# [What to work on]
Only one stretch of the data below is needed. Output the lines from the one with "This stunning silver" up to and including the one with "ล่าสุด สำนักข่าวต่างประเทศชื่อดังอย่าง Fox", exactly as they stand.

# [Records supplied]
=== Begin Enclosure ===

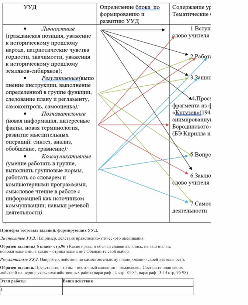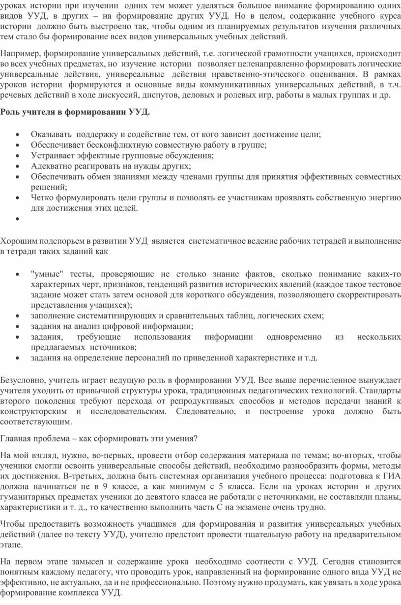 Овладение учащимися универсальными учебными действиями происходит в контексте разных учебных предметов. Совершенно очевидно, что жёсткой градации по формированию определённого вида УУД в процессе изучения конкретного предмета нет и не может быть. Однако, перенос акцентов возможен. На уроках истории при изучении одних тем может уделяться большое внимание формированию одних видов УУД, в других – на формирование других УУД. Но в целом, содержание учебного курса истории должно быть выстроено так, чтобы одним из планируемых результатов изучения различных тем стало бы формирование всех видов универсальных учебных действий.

=== End Enclosure ===
=== Begin Enclosure ===

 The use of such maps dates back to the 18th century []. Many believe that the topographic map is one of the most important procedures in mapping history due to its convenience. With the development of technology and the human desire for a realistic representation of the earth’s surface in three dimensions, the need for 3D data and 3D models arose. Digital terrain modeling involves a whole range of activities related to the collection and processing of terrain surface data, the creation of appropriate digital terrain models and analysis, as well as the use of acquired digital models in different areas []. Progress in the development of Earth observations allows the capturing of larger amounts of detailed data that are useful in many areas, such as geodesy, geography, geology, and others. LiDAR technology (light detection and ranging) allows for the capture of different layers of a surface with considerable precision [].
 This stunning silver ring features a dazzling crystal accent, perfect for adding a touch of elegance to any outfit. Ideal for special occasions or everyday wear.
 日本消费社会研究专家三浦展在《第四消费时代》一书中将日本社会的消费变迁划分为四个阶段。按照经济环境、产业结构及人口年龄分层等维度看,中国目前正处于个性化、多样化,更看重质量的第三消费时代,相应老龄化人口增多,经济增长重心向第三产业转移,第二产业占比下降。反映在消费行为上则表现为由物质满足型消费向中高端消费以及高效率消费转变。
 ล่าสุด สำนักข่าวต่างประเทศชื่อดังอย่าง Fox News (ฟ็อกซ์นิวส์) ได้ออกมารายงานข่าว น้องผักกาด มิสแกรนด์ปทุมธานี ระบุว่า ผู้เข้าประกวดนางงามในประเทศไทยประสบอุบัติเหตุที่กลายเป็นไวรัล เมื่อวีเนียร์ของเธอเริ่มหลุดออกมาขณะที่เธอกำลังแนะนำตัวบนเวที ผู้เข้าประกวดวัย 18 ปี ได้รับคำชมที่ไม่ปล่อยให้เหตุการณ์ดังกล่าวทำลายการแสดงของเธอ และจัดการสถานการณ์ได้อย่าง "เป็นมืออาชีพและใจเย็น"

=== End Enclosure ===
=== Begin Enclosure ===

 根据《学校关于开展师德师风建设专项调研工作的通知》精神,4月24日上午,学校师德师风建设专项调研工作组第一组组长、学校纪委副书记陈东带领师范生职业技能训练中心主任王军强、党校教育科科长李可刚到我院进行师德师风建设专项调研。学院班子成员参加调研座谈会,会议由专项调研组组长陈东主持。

=== End Enclosure ===

# [Solved exercise]
 This stunning silver ring features a dazzling crystal accent, perfect for adding a touch of elegance to any outfit. Ideal for special occasions or everyday wear.
 日本消费社会研究专家三浦展在《第四消费时代》一书中将日本社会的消费变迁划分为四个阶段。按照经济环境、产业结构及人口年龄分层等维度看,中国目前正处于个性化、多样化,更看重质量的第三消费时代,相应老龄化人口增多,经济增长重心向第三产业转移,第二产业占比下降。反映在消费行为上则表现为由物质满足型消费向中高端消费以及高效率消费转变。
 ล่าสุด สำนักข่าวต่างประเทศชื่อดังอย่าง Fox News (ฟ็อกซ์นิวส์) ได้ออกมารายงานข่าว น้องผักกาด มิสแกรนด์ปทุมธานี ระบุว่า ผู้เข้าประกวดนางงามในประเทศไทยประสบอุบัติเหตุที่กลายเป็นไวรัล เมื่อวีเนียร์ของเธอเริ่มหลุดออกมาขณะที่เธอกำลังแนะนำตัวบนเวที ผู้เข้าประกวดวัย 18 ปี ได้รับคำชมที่ไม่ปล่อยให้เหตุการณ์ดังกล่าวทำลายการแสดงของเธอ และจัดการสถานการณ์ได้อย่าง "เป็นมืออาชีพและใจเย็น"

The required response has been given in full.